Before coming to the Commerce Clause issue, I note that the Texas landlords who challenged the moratorium could have but did not include in their complaint a claim that the statutory delegation of authority to the Surgeon General and the Secretary of HHS to take public health measures was not broad enough to include an eviction moratorium. That's at least a prima facie plausible claim--although there's strong evidence that even the last Congress and administration believed the CDC does have statutory authority for the moratorium. The second COVID relief package, which Congress enacted at the end of last year, expressly extended the CDC moratorium from its originally scheduled Dec. 31, 2020 expiration date to January 31. (The CDC itself re-extended the moratorium to March 31, 2021 after that.) Of course the views of Congress and the President as reflected in subsequent legislation cannot override contrary plain text, but to the extent that the scope of the statutory delegation is unclear, the December 2020 legislation should weigh substantially in favor of recognizing CDC authority for the moratorium.

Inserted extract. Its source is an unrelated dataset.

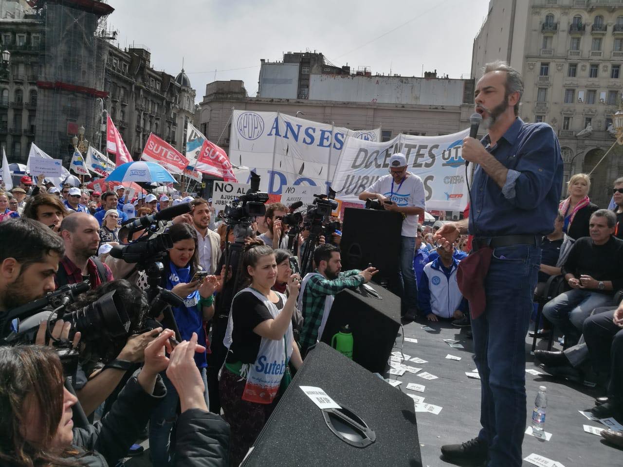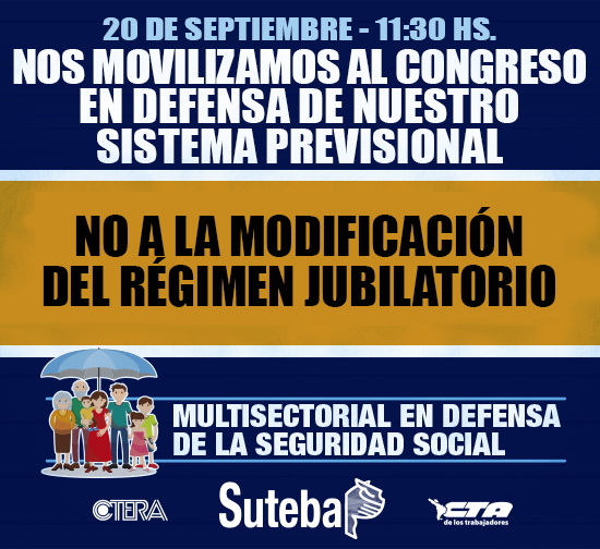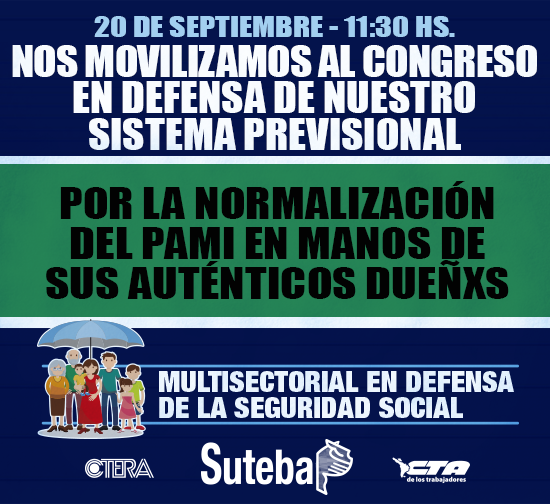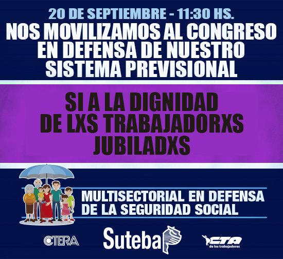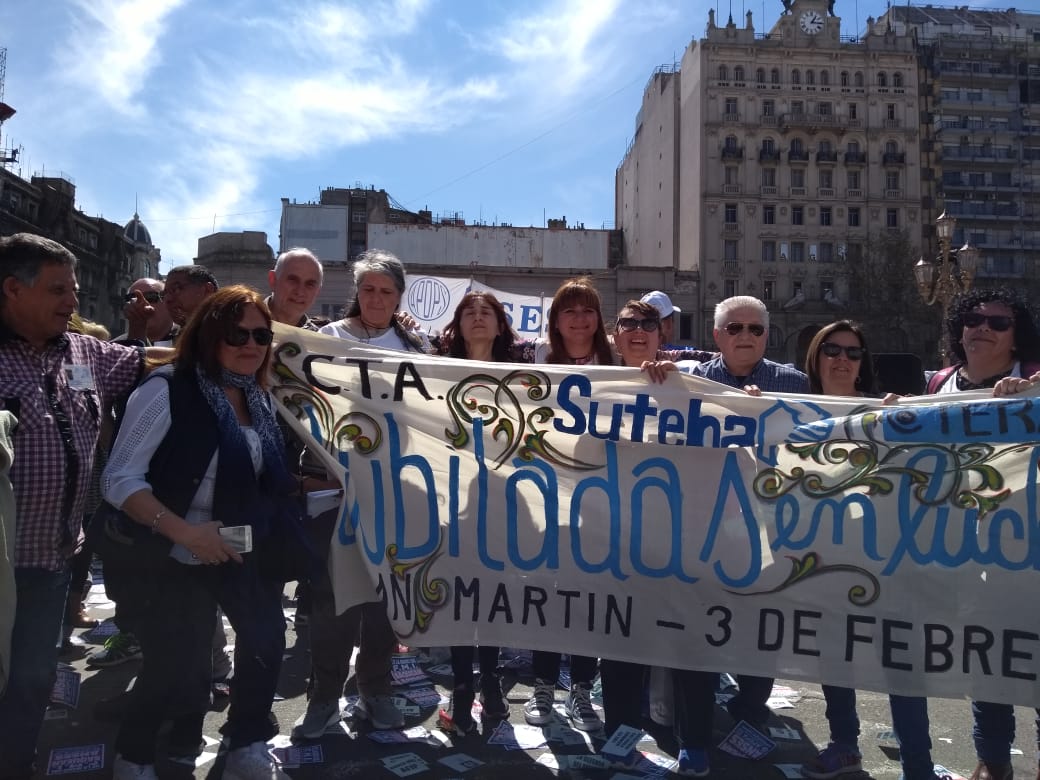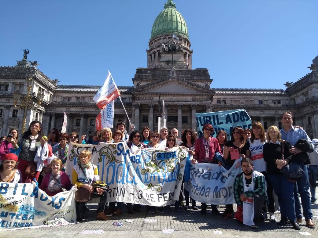 En un nuevo aniversario del Día del Jubiladx, el SUTEBA, en el marco de la Multisectorial en Defensa de la Seguridad Social, participó junto a diversas organizaciones sindicales y sociales de una jornada de protesta frente al Congreso de la Nación.

None of that came before Judge Barker, however, because the plaintiffs contested only the constitutional authority of Congress (and thus of the agency). That was enough for Judge Barker. He concluded that an eviction ban--even for the purpose of preventing an increase in the homeless population and thus COVID, which has a huge negative impact on the national economy--is not a regulation of "economic activity" within the meaning of the Supreme Court's modern case law, and because dwellings are inherently stationary, the regulation is thus of intrastate, not interstate, commerce.

Can that be right? I admit that there is a certain logic to Judge Barker's opinion, but if taken seriously it would lead to a much more dramatic cutting back of Congressional power than anything thus far accomplished by the conservative Justices of the Rehnquist and Roberts Courts during the last three decades of the "federalism revolution." To see why, I'll start with a very condensed summary of the Supreme Court's interpretation of the Commerce Clause. 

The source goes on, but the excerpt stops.